# GoEmotions: 다중 감정 분류 모델 학습

이 노트북은 GoEmotions 데이터셋을 사용하여 Reddit 댓글의 다중 감정(27가지)을 분류하는 모델을 학습하고 평가합니다.

## 1. 환경 설정 및 라이브러리 임포트

In [None]:
!pip install -q datasets transformers[torch] scikit-learn pandas numpy matplotlib seaborn tensorboard

In [None]:
import os
import pandas as pd
import numpy as np
import matplotlib.pyplot as plt
import seaborn as sns
import torch
from collections import Counter

from datasets import load_dataset, DatasetDict
from transformers import AutoTokenizer, AutoModelForSequenceClassification, TrainingArguments, Trainer, EarlyStoppingCallback
from sklearn.metrics import f1_score, roc_auc_score, accuracy_score, classification_report, multilabel_confusion_matrix
from huggingface_hub import notebook_login

In [None]:
# Hugging Face Hub 로그인 (필요시)
# notebook_login()

## 2. 데이터셋 준비

In [None]:
# GoEmotions 데이터셋 로드
dataset = load_dataset("go_emotions", "raw") # 'raw' configuration for original multi-label data

print(dataset)
print(dataset['train'][0])

In [None]:
# 라벨 정보 확인
labels_list = dataset["train"].features["labels"].feature.names
id2label = {idx: label for idx, label in enumerate(labels_list)}
label2id = {label: idx for idx, label in enumerate(labels_list)}
num_labels = len(labels_list)

print(f"Total labels: {num_labels}")
print(f"Label names: {labels_list}")

### 2.0. 데이터셋 레이블 분포 시각화 (추가)

In [None]:
# 전체 데이터셋 (train, validation, test 합쳐서) 레이블 분포 확인
all_labels_flat = []
for split in dataset.keys():
    for example_labels in dataset[split]['labels']:
        all_labels_flat.extend(example_labels)

label_counts = Counter(all_labels_flat)
df_label_counts = pd.DataFrame([(id2label[id], count) for id, count in label_counts.items()], columns=['Emotion', 'Count']).sort_values(by='Count', ascending=False)

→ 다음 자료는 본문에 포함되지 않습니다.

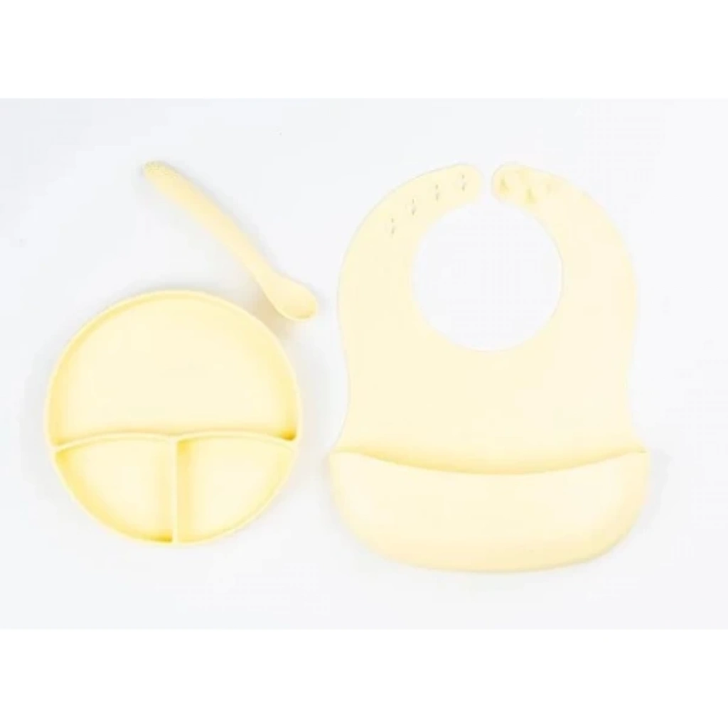 ÇOK SATAN Sarı 3’lü Silikon Yemek Seti – Önlük + Diş Kaşıyıcılı Kaşık + Vakumlu Tabak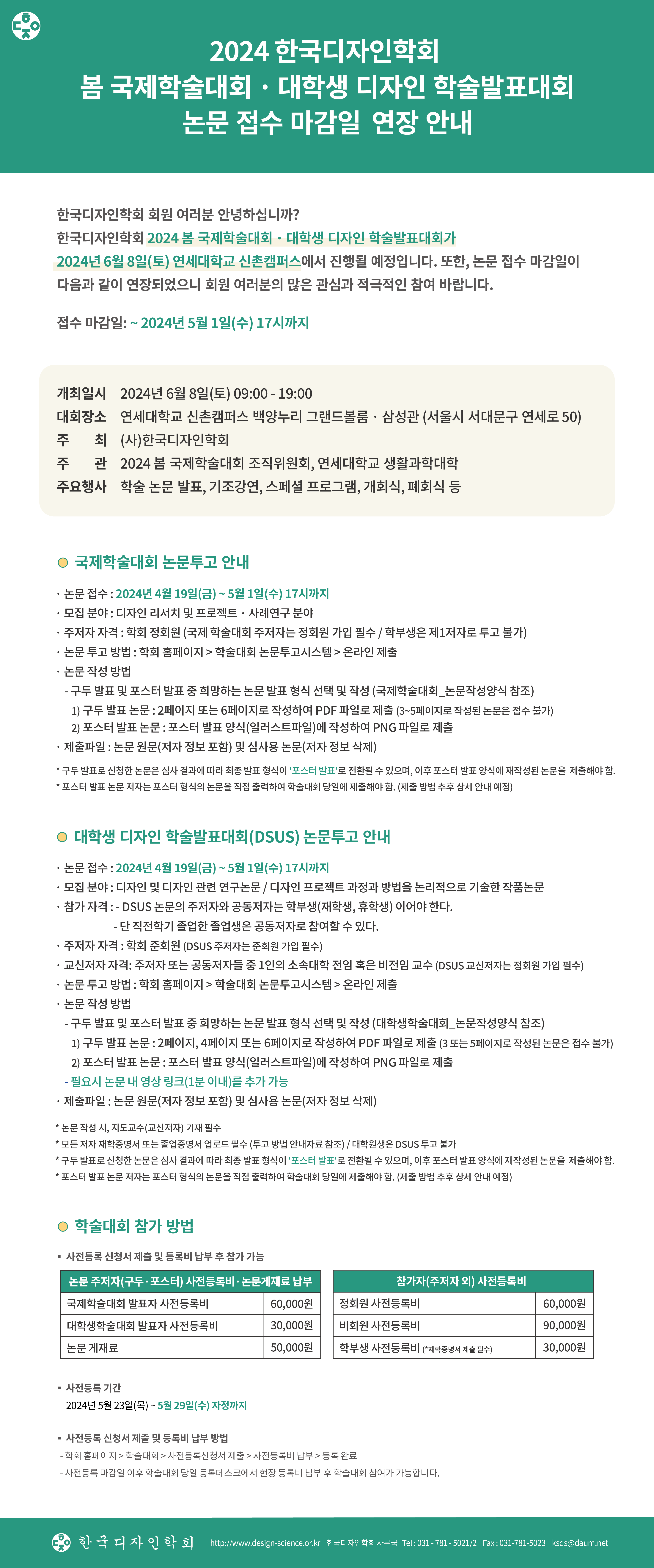 2024 한국디자인학회 봄 국제학술대회 · 대학생 디자인 학술발표대회 논문 접수 마감일 연장 안내(~5/1)

plt.figure(figsize=(12, 8))
sns.barplot(x='Count', y='Emotion', data=df_label_counts, palette='viridis')
plt.title('GoEmotions Dataset: Label Distribution (All Splits)')
plt.xlabel('Number of Occurrences')
plt.ylabel('Emotion')
plt.tight_layout()
plt.show()

### 2.1. 데이터 전처리 및 토큰화

In [None]:
MODEL_NAME = "distilbert-base-uncased"
tokenizer = AutoTokenizer.from_pretrained(MODEL_NAME)

In [None]:
def preprocess_data(examples):
    # 텍스트 토큰화
    tokenized_inputs = tokenizer(examples["text"], truncation=True, padding="max_length", max_length=128)
    
    # 레이블을 multi-hot encoding으로 변환
    multi_hot_labels = []
    for label_list_item in examples["labels"]:
        one_hot_vector = [0.0] * num_labels # float 타입으로 초기화
        for label_id in label_list_item:
            if 0 <= label_id < num_labels:
                one_hot_vector[label_id] = 1.0
        multi_hot_labels.append(one_hot_vector)
    
    tokenized_inputs["labels"] = multi_hot_labels
    return tokenized_inputs

In [None]:
tokenized_datasets = dataset.map(preprocess_data, batched=True, remove_columns=["text", "id", "caller_id", "linked_id", "created_utc", "comment_id"])
tokenized_datasets.set_format("torch")

print(tokenized_datasets['train'][0])
print(tokenized_datasets['train'][0]['labels'].shape)
print(tokenized_datasets['train'][0]['input_ids'].shape)

In [None]:
# 데이터셋 크기 줄이기 (빠른 테스트용, 필요시 주석 해제)
# print("Original dataset sizes:")
# print({split: len(tokenized_datasets[split]) for split in tokenized_datasets})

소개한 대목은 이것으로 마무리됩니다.